Fiermonti v. Otis Elevator Co.

In an action to recover damages for personal injuries, etc., the defendant appeals from an order of the Supreme Court, Westchester County (Smith, J.), dated March 24, 2011, which denied its motion for summary judgment dismissing the complaint.

Ordered that the order is affirmed, with costs.

The injured plaintiff allegedly sustained personal injuries when the freight elevator he was riding suddenly dropped 8 to 12 inches as he was attempting to step out of the elevator car while pushing a dolly. The plaintiff and his wife, suing derivatively, commenced this action against the defendant, Otis Elevator Company (hereinafter Otis), the company retained to service and maintain the elevator, claiming that the sudden misleveling of the elevator car was caused by Otis’s negligent failure to maintain the elevator in a safe condition. The Supreme Court denied Otis’s motion for summary judgment dismissing the complaint.

“An elevator company which agrees to maintain an elevator in safe operating condition may be liable to a passenger for failure to correct conditions of which it has knowledge or failure to use reasonable care to discover and correct a condition which it ought to have found” (Rogers v Dorchester Assoc., 32 NY2d 553, *692559 [1973]; see Devito v Centennial El. Indus., Inc., 90 AD3d 595 [2011]; Cilinger v Arditi Realty Corp., 11 AD3d 880, 882-883 [2010]). Although Otis established, prima facie, that it did not have actual or constructive notice of the alleged defective condition of the elevator that would cause it to abruptly mislevel (see Carrasco v Millar El. Indus., 305 AD2d 353, 354 [2003]; Gaspard v Barkly Coverage Corp., 65 AD3d 1188, 1189 [2009]; Narvaez v New York City Hous.

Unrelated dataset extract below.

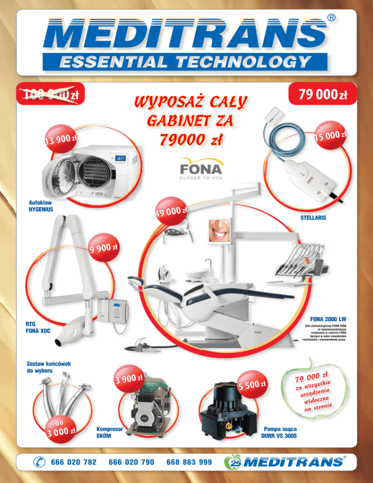 100 000 zł 79 000 zł WYPOSAŻ CAŁY GABINET ZA 79000 zł 1 3 9 0 0 zł Autoklaw HYGENIUS 1 5 0 0 0 zł 4 9 0 0 0 zł STELLARIS 9 9 0 0 zł FONA 2000 LW RTG FONA XDC Unit stomatologiczny FONA 2000 to najnowocześniejsze urządzenie w rodzinie FONA łączące w sobie nowatorskie rozwiązania i niezawodność pracy. Zestaw końcówek do wyboru do 3 0 0 0 zł 666 020 782 3 9 0 0 zł 5 5 0 0 zł Kompresor EKOM 666 020 79031 800 668 863 99944 886 41 34 41 34 0 zł 0 0 9 7 ie szystk za w enia urządz e n widocz e oni na str Pompa ssąca DURR VS 300S LAT NAJEFEKTYWNIEJSZA PANORAMA 2D NA ŚWIECIE FONA ART PLUS RENTGEN PANORAMICZNY FONA ART PLUS REWOLUCYJNA TECHNOLOGIA W RADIOGRAFII PANORAMICZNEJ FONA ART PLUS CEPH - ZAWSZE UDANE ZDJĘCIA - KOMFORTOWE UŻYTKOWANIE - DOSKONAŁA JAKOŚĆ OBRAZU - MINIMALNE WYMAGANIA PRZESTRZENNE - CZUJNIK CdTe-CMOS z bezpośrednią konwersją promieniowania bez warstwy scyntylacyjnej. Opatentowane zastosowanie technologii detektora CdTe powoduje uzyskanie ponad 4200 obrazów o różnej ostrości podczas jednej ekspozycji panoramicznej. Dzięki zastosowaniu narzędzia automatycznej ostrości oprogramowanie automatycznie przechodzi do najbardziej ostrej warstwy, dzięki czemu koryguje obszary z niewyraźnym obrazem bez konieczności wykonania dodatkowych ekspozycji. Technologia ART PLUS Standardowa technologia 2D CdTe-CMOS Sensor CCD/CMOS Sensor Promieniowanie RTG Warstwa CdTe (przemiana bezpośrednia na sygnał elektryczny) Obwód elektryczny od 1780 zł miesięcznie Ostre Zdjęcie Promieniowanie RTG Warstwa scyntylacyjna (konwersja promieni X na światło) Warstwa optyczna (orientuje rozproszone światło) Obwód elektryczny Zdjęcie 99 000 zł od 1930 zł miesięcznie 109 000 zł 25 000 zł Wymienny przewód od 460 zł miesięcznie …zapewnia ciągłość pracy nawet w razie uszkodzenia mechanicznego - tak często eliminującego inne systemy Nr1 wymiana przewodu pozwoli ci na kontynuowanie pracy w ciągu kilku minut. a n samodzielnie. Szybka RTG FONA XDC + STELLARIS Ś w iec Fona XDC to innowacyjny rentgen stomatologiczny spełniający najbardziej rygorystyczne wymagania zarówno czujników cyfrowych jak i błon RTG. Skomputeryzowana jednostka wyposażona w płaską klawiaturę i cyfrowy wyświetlacz, zapewniająca pełną kontrolę nad generowanym promieniowaniem. Z ogniskiem 0,4 x 0,4 mm, czytelnym panelem oraz doskonałą konstrukcją ramion nożycowych tworzy doskonały produkt spozycjonowany w absolutnej czołówce rentgenów punktowych dostępnych na rynku. W zestawie z rewelacyjnym czujnikiem Fona Stellaris. Najnowsza Matryca Schick 2 LAT i e Bardzo łatwa wymiana …z łatwością wykonasz ją ol hn o ia g Tec z dalszej eksploatacji. 666 666 020 020 782 782666 666 020 020 790 790668 668 863 863 999 999 rtg , na co dzien. Który system lepiej sprawdzi się w Twoim gabinecie: sensor wewnątrzustny, czy skaner płytek fosforowych? Procedury lecznicze współcześnie przeprowadzane w gabinetach stomatologicznych wymagają od lekarza dentysty wykonywania badań diagnostycznych, w tym zdjęć RTG. Zdjęcia radiologiczne wykonujemy przed przystąpieniem do leczenia endodontycznego, przygotowując się do ekstrakcji zęba, czy po prostu próbując zlokalizować przyczynę bólu. Zdjęcia punktowe są także wykonywane w trakcie prowadzenia leczenia (weryfikacja cofania się zmian OKW), oraz nierzadko po jego zakończeniu. Zdjęcie zębowe – niezbędne przed i w trakcie leczenia Aby umożliwić pacjentom przeprowadzanie diagnostyki radiologicznej – wewnątrzustnej, nasz gabinet musi być odpowiednio wyposażony. Pierwszym urządzeniem koniecznym do posiadania jest punktowy aparat RTG. Aparat RTG emituje promieniowanie prześwietlające wybrane przez nas struktury anatomiczne jamy ustnej pacjenta. Z kolei elementem przechwytującym w systemie cyfrowej radiologii może być sensor wewnątrzustny, bądź płytka fosforowa. Sensor wewnątrzustny – dla kogo? W przypadku pierwszego rozwiązania przykładem może być nowoczesny i niezwykle ergonomiczny sensor wewnątrzustny Gendex GXS-700. Kształt zbliżony do kropli wody umożliwia jego łatwe pozycjonowanie w jamie ustnej, a jakość zdjęć dzięki niemu pozyskiwanych jest bezkonkurencyjna. Pozwala ona z łatwością dostrzec ubeleczkowanie kości. Kontrola zmian OKW cofających się po prawidłowo przeprowadzonym leczeniu endodontycznym nie nastręcza dzięki temu żadnych problemów. Wyraźnie widać tu zarys ozębnej, a także światło nawet bardzo wąskich kanałów korzeniowych. Rozdzielczość rzeczywista wspomnianego sensora to aż 22 pl/mm co bezpośrednio przekłada się na jakość pozyskiwanych obrazów. Do wyboru mamy dwie różne wielkości czujnika. Pozwala to na jego odpowiedni dobór w zależności od rodzaju zdjęć najczęściej wykonywanych w gabinecie. Można też się zaopatrzyć w oba warianty i tym samym osiągnąć pełnię uniwersalności tego systemu. Dużą jego zaletą jest fakt, że zdjęcie RTG pojawia się na ekranie komputera w chwili wykonania ekspozycji aparatem RTG. Jest to możliwe dzięki bezpośredniemu podłączeniu sensora za pomocą kabla USB do komputera. W związku z tym najwygodniej jest, gdy czujnik wewnątrzustny pracuje na stałe w danym pomieszczeniu. Jego przenoszenie wiąże się z przepinaniem pomiędzy poszczególnymi komputerami, a to na dłuższą metę może okazać się uciążliwe. Oczywiście przy pomocy sensora wewnątrzustnego badanie może być przeprowadzone zgodnie z zasadą izometrii Cieszyńskiego, bądź z wykorzystaniem zestawu pozycjonerów w technice kąta prostego. Skaner płytek – idealny do klinik wielofotelowych Doskonałym rozwiązaniem dla gabinetów korzystających dotychczas z analogowych systemów radiologii wewnątrzustnej (aparat punktowy RTG + klisze oraz mokry system wywoływania zdjęć) jest skaner płytek fosforowych. Jako przykład może posłużyć urządzenie Gendex GXPS-500. Jest ono wyposażone w zestaw płytek fosfor

Auth., 62 AD3d 419 [2009]), the Supreme Court properly determined that the plaintiffs, in opposition, raised a triable issue of fact regarding notice of such defective condition (see Miguel v 41-42 Owners Corp., 57 AD3d 488 [2008]; Hall v Barist El. Co., 25 AD3d 584 [2006]; Gurevich v Queens Park Realty Corp., 12 AD3d 566 [2004]).

Similarly, the Supreme Court correctly determined that the plaintiffs raised a triable issue of fact as to whether or not Otis was liable under the doctrine of res ispa loquitur. Proof that the sudden misleveling of the elevator was an occurrence that would not ordinarily occur in the absence of negligence, that the maintenance and service of the elevator was within the exclusive control of Otis, and that no act or negligence on the injured plaintiff s part contributed to the happening of the accident, is a basis for liability under the doctrine of res ipsa loquitur (see Morejon v Rais Constr. Co., 1 NY3d 203, 211-212 [2006]; Kambat v St. Francis Hosp., 89 NY2d 489, 494-495 [1997]; Devito v Centennial El. Indus., Inc., 90 AD3d at 595-596; Fyall v Centennial El. Indus., Inc., 43 AD3d 1103, 1104 [2007]; Gurevich v Queens Park Realty Corp., 12 AD3d at 567; Ardolaj v Two Broadway Land Co., 276 AD2d 264 [2000]; Garrido v International Bus. Mach. Corp. [IBM], 38 AD3d 594 [2007]; Bigio v Otis El. Co., 175 AD2d 823, 824 [1991]).

Accordingly, the Supreme Court properly denied Otis’s motion for summary judgment dismissing the complaint. Skelos, J.P, Belen, Lott and Miller, JJ., concur.